*** Block opens ***
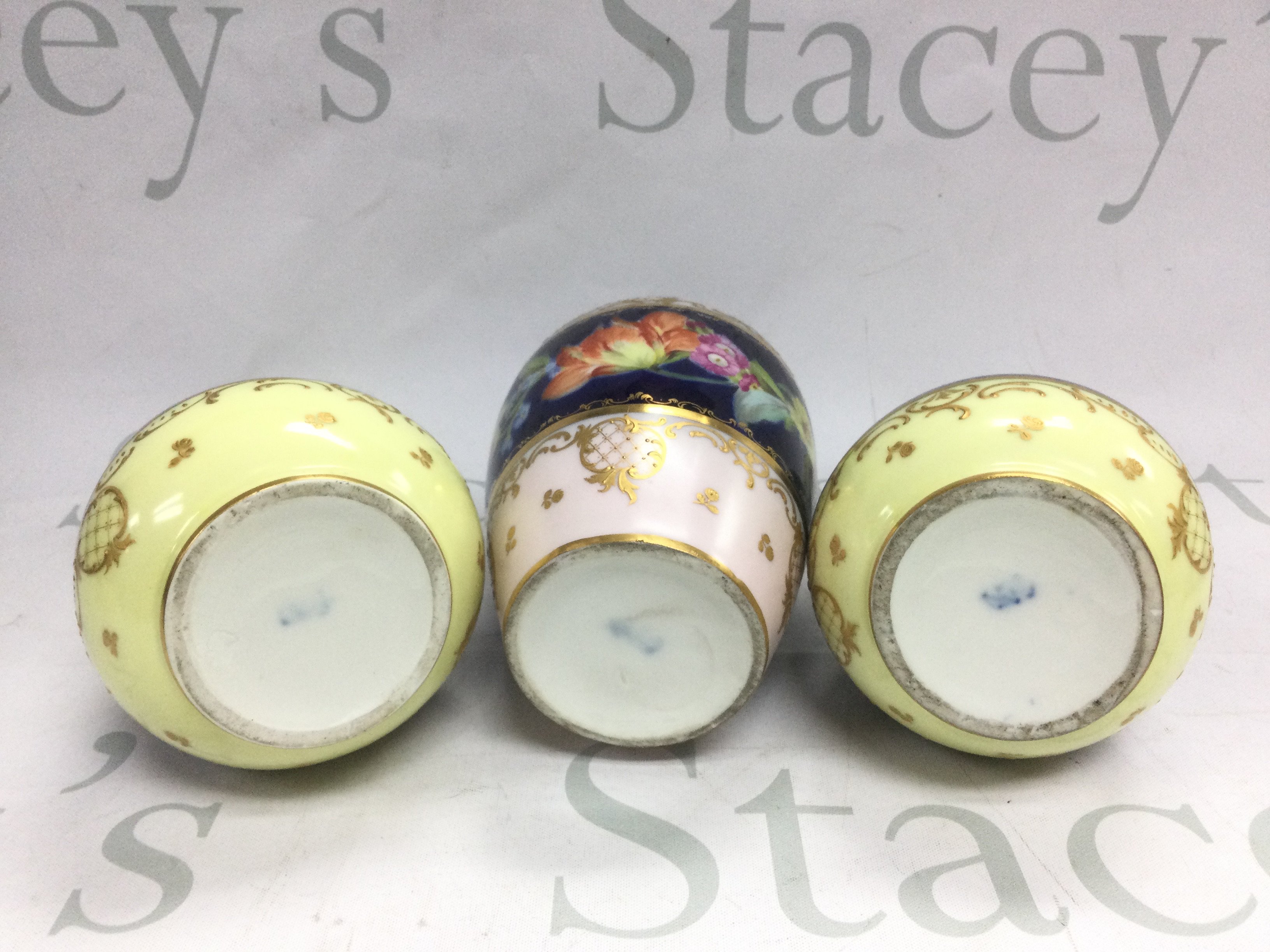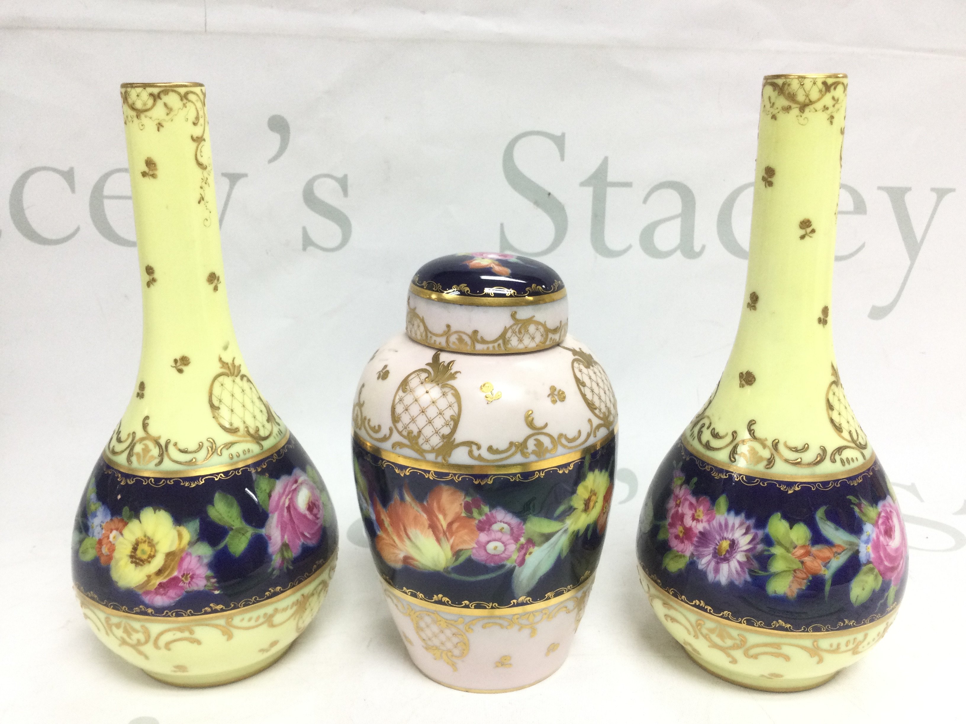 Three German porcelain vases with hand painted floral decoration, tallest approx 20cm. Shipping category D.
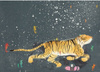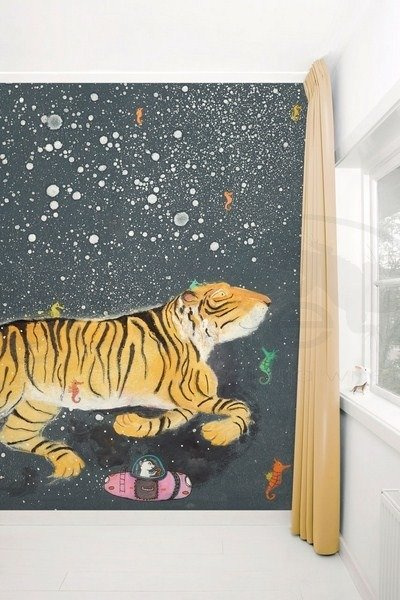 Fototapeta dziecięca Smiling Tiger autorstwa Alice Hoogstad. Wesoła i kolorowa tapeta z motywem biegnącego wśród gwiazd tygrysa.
*** Block closes ***
*** Block opens ***
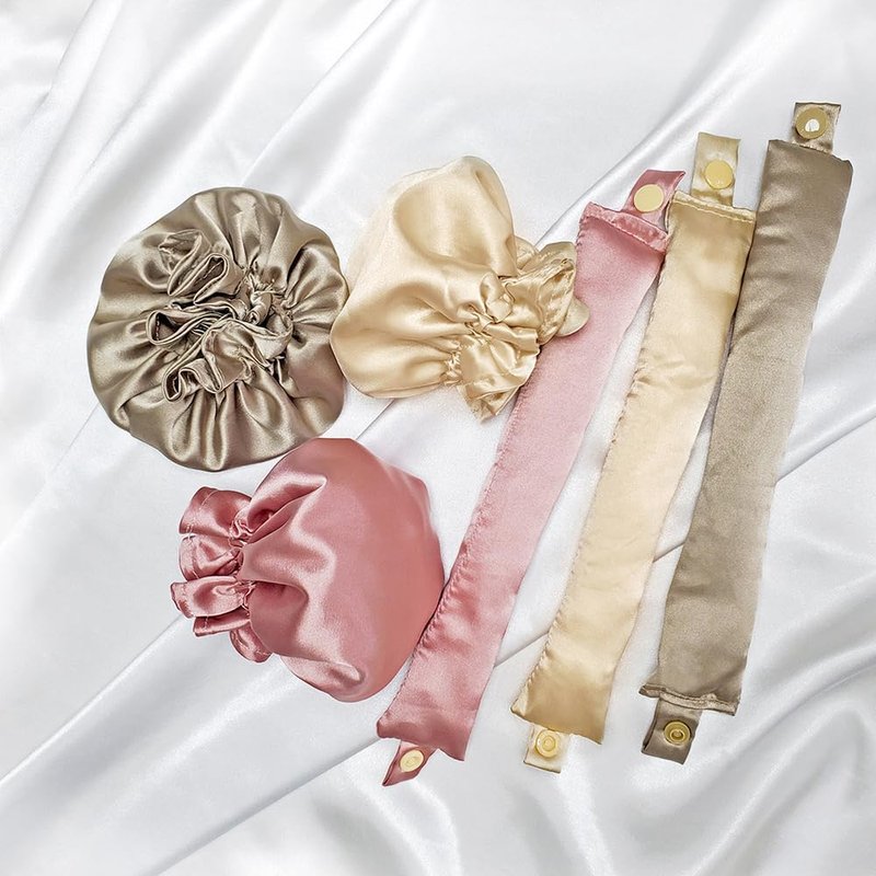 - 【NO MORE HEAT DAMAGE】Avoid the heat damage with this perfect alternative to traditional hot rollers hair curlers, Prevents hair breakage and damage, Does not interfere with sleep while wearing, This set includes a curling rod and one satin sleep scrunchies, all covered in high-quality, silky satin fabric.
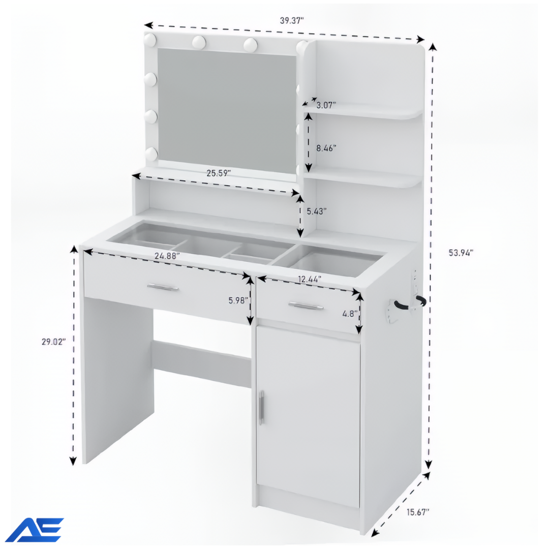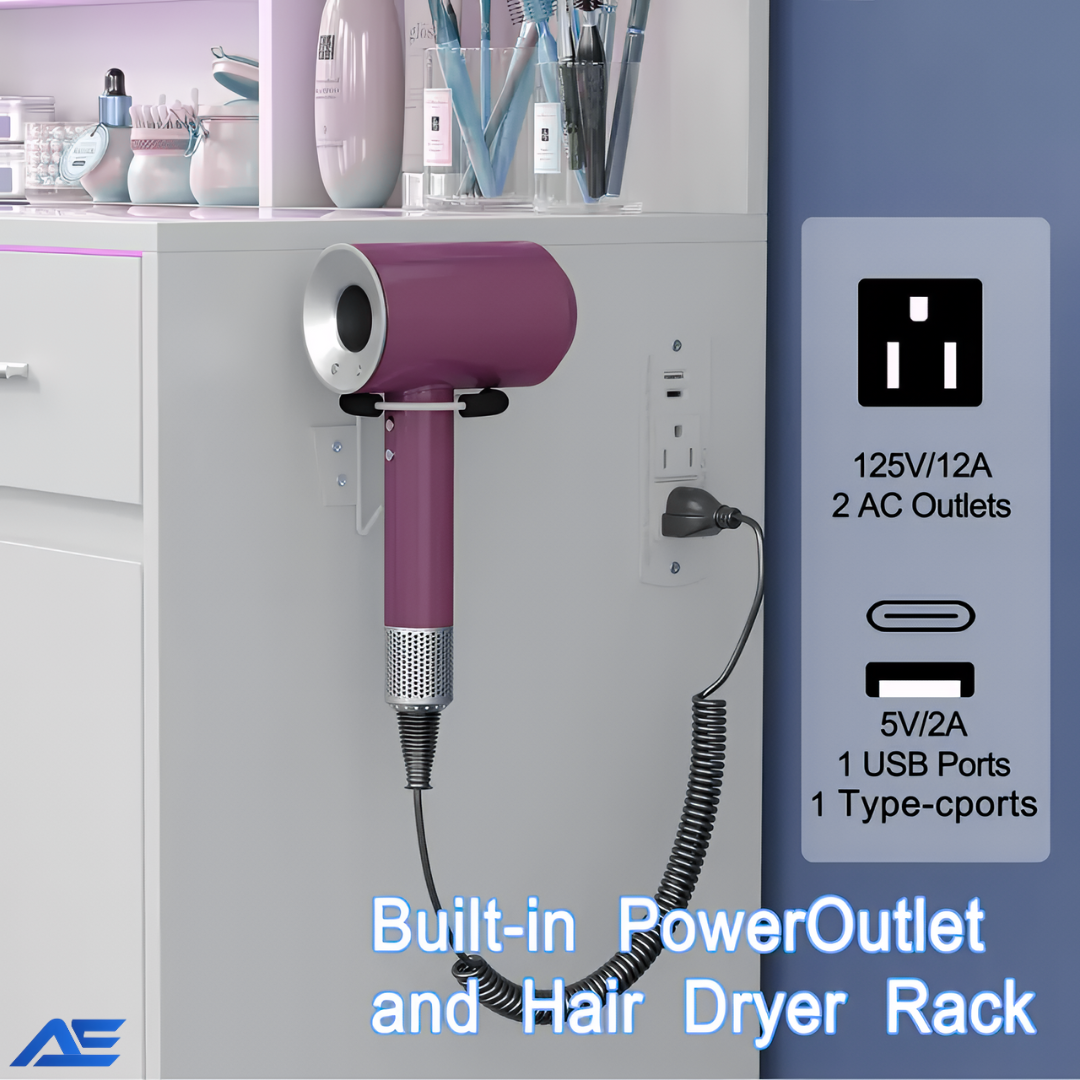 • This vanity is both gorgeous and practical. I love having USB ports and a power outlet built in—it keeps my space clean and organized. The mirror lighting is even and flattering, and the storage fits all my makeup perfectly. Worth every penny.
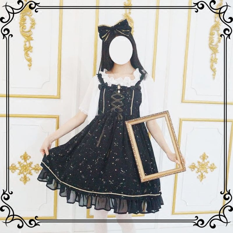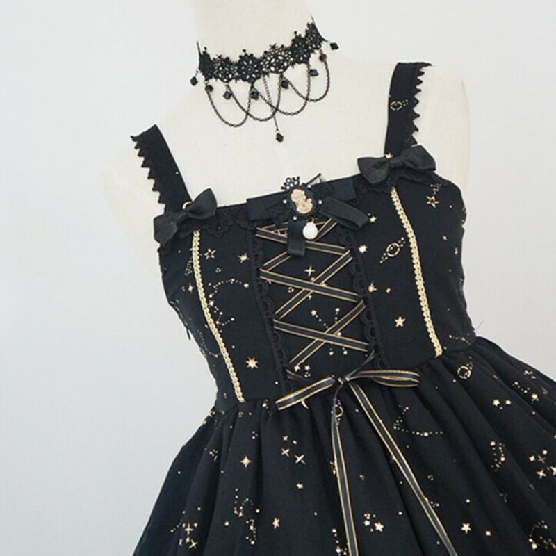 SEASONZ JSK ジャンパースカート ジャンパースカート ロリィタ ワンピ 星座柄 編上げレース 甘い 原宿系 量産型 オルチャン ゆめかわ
*** Block closes ***
*** Block opens ***
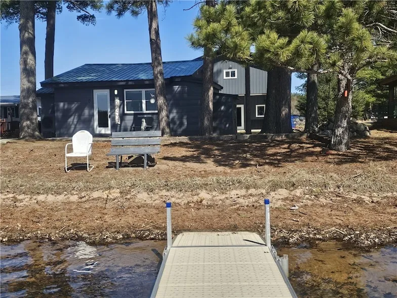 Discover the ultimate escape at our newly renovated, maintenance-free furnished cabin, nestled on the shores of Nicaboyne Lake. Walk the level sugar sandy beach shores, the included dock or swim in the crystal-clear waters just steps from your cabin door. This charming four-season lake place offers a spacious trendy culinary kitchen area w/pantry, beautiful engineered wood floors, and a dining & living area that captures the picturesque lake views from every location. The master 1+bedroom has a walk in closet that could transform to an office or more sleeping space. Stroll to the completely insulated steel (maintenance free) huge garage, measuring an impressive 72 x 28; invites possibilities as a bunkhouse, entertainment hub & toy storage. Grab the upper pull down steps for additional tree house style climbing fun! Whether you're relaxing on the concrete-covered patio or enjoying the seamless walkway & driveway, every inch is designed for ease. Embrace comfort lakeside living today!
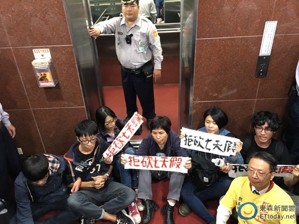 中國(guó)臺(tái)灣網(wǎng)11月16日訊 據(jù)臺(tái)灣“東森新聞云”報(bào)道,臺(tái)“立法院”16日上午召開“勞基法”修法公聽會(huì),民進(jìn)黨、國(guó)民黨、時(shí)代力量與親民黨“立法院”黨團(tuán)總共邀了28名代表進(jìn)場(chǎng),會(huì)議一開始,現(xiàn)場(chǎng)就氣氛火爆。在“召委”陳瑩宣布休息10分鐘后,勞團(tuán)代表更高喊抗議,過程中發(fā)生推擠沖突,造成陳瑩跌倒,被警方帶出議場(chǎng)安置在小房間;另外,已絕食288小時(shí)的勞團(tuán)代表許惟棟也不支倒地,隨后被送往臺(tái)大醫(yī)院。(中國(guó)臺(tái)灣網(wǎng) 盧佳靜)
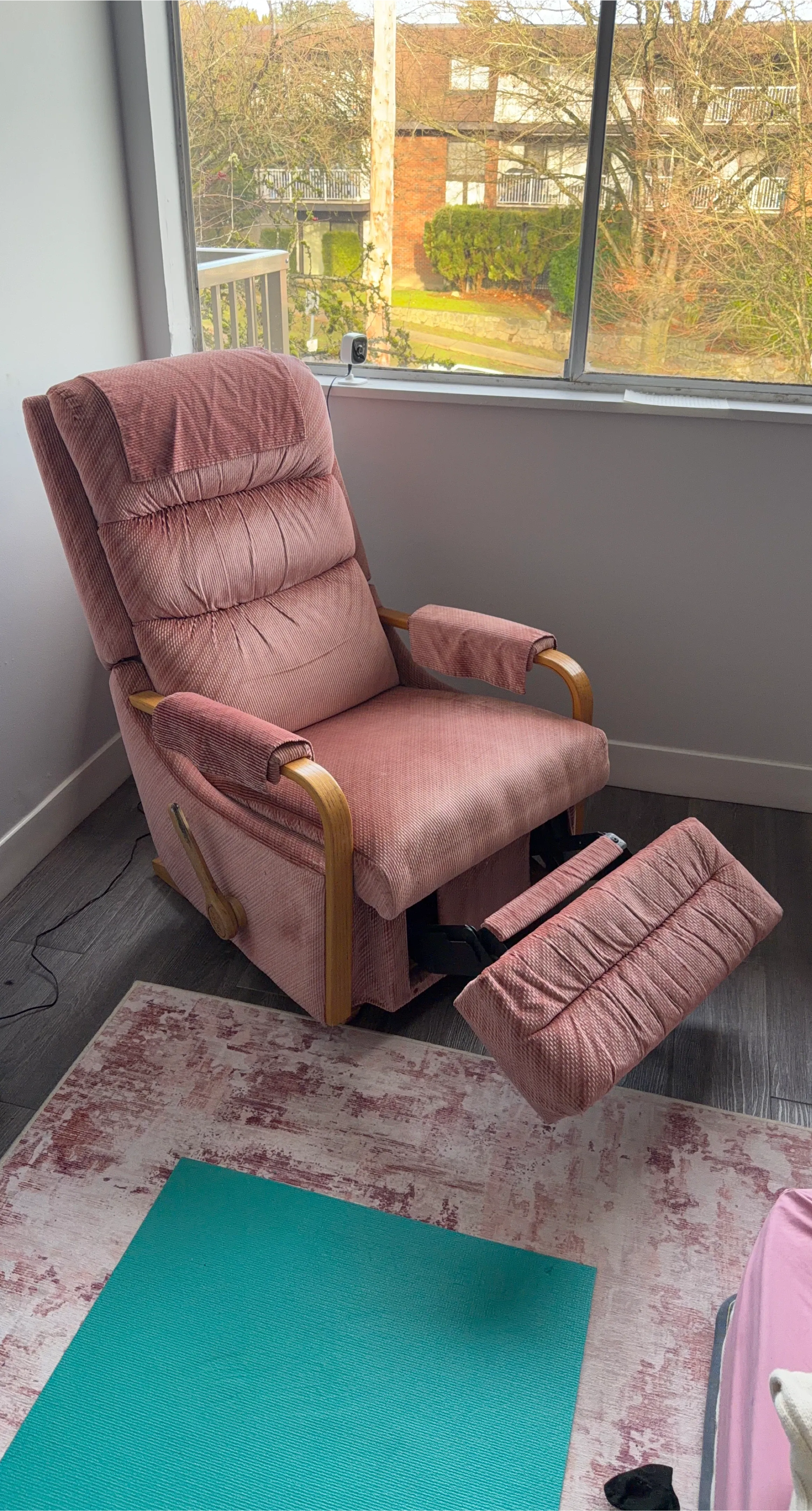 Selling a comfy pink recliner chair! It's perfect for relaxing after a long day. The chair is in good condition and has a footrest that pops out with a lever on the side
*** Block closes ***
# ASSIGNED TASK
Copy exactly the material above from the line with "Three German porcelain" to the line with "Fototapeta dziecięca Smiling Tiger", ends included, and nothing else. Leave out any picture.

# RESPONSE TO THIS EXERCISE
 Three German porcelain vases with hand painted floral decoration, tallest approx 20cm. Shipping category D.
 Fototapeta dziecięca Smiling Tiger autorstwa Alice Hoogstad. Wesoła i kolorowa tapeta z motywem biegnącego wśród gwiazd tygrysa.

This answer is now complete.